***** Input records *****
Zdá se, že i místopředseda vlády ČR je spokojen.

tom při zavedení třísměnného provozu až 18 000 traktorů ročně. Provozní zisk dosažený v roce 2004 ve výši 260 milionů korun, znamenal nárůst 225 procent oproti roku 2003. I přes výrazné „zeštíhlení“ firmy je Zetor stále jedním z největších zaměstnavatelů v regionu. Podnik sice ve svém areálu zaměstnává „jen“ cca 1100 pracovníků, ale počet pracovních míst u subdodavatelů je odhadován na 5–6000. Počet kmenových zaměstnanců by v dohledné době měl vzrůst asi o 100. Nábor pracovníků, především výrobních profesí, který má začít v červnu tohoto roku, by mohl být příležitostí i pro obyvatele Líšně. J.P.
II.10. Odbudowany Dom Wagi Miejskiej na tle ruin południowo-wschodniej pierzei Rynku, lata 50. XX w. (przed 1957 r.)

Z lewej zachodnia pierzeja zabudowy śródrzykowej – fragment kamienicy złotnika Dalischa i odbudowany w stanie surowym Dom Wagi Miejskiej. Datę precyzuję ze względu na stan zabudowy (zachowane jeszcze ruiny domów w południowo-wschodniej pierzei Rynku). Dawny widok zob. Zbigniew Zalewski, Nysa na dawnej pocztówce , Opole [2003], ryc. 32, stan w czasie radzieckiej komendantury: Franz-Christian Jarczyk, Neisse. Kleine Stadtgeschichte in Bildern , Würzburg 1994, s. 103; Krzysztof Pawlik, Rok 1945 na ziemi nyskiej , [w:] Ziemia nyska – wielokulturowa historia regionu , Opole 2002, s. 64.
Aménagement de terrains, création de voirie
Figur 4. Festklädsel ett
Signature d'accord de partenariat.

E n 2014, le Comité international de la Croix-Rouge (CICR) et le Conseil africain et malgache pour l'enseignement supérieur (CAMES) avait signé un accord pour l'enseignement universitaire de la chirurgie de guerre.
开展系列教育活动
*****
Aim of the task: Write down exactly the span of lines above from the one containing "Figur 4. Festklädsel ett" to the one containing "Signature d'accord de partenariat.", both ends included.

Written response:
Figur 4. Festklädsel ett
Signature d'accord de partenariat.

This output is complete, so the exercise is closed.